▸ **Work request**: Pictures are to be omitted; everything else in the data must be transcribed exactly.

▸ **Given data**:
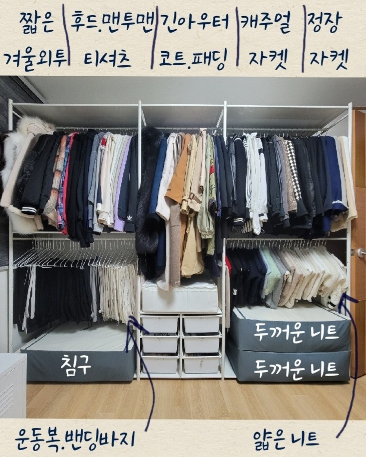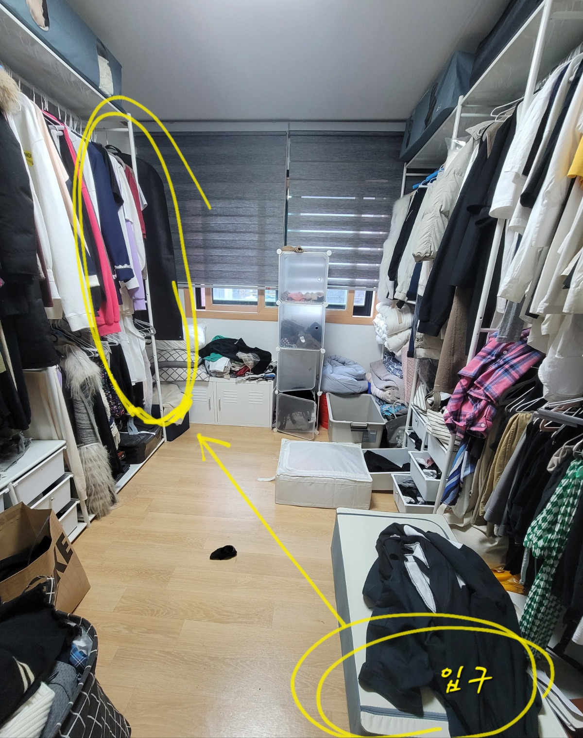 * 문제점 : 두서없이 자리 잡은 옷들, 둘 곳 없는 침구의 정리
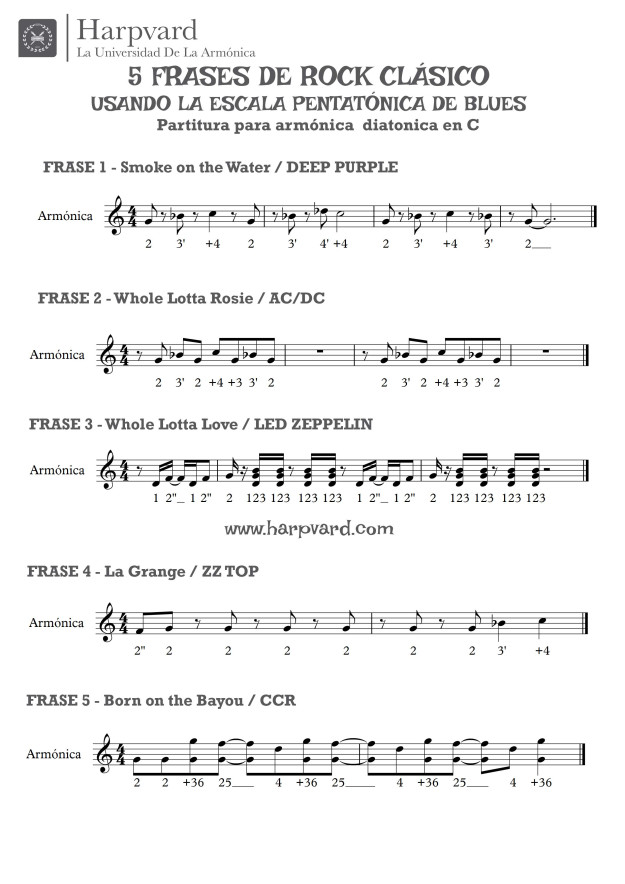 En este vídeo te enseñamos 5 frases famosas de rock clásico compuestas usando la escala pentaónica de blues que tan bien suena en la armónica diatónica.Empezamos por Smoke on the Water (Deep Purple) que es la frase más didáctica del rock para entender la escala pentatónica de blues.La segunda frase es Whole Lotta Rosie (AC/DC) en la que además de usar las notas de la escala introducimos el concepto de nota fantasma (gost note).En la tercera frase, Whole Lotta Love (Led Zeppelin) te enseñamos a encontrar notas graves de la escala que posiblemente no tendrías en cuenta hasta ahora.La cuarta frase es uno de los grandes clichés del rock, La Grange (ZZ Top) en la que te enseñamos a respirar y a ganar velocidad.Por último te enseñamos un arreglo para tocar Born on The Bayou y practicar las notas octavadas (Tongue Blocking).Esperamos que sea para ti una clase práctica, didáctica y divertida.Aquí tienes la partitura:
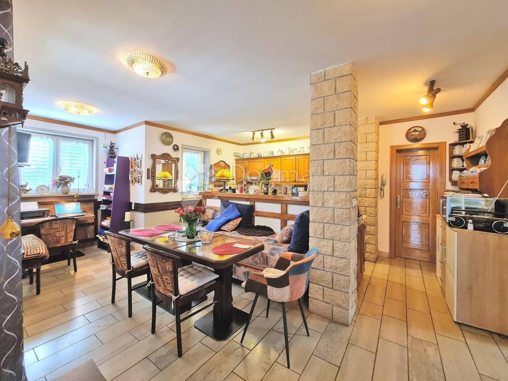 On the first floor is a spacious apartment with a large living room with kitchen and dining area, which have 2 balconies, two bedrooms with their own balconies, bathroom, toilet and hallway.

▸ **Exercise answer**:
 * 문제점 : 두서없이 자리 잡은 옷들, 둘 곳 없는 침구의 정리
 En este vídeo te enseñamos 5 frases famosas de rock clásico compuestas usando la escala pentaónica de blues que tan bien suena en la armónica diatónica.Empezamos por Smoke on the Water (Deep Purple) que es la frase más didáctica del rock para entender la escala pentatónica de blues.La segunda frase es Whole Lotta Rosie (AC/DC) en la que además de usar las notas de la escala introducimos el concepto de nota fantasma (gost note).En la tercera frase, Whole Lotta Love (Led Zeppelin) te enseñamos a encontrar notas graves de la escala que posiblemente no tendrías en cuenta hasta ahora.La cuarta frase es uno de los grandes clichés del rock, La Grange (ZZ Top) en la que te enseñamos a respirar y a ganar velocidad.Por último te enseñamos un arreglo para tocar Born on The Bayou y practicar las notas octavadas (Tongue Blocking).Esperamos que sea para ti una clase práctica, didáctica y divertida.Aquí tienes la partitura:
 On the first floor is a spacious apartment with a large living room with kitchen and dining area, which have 2 balconies, two bedrooms with their own balconies, bathroom, toilet and hallway.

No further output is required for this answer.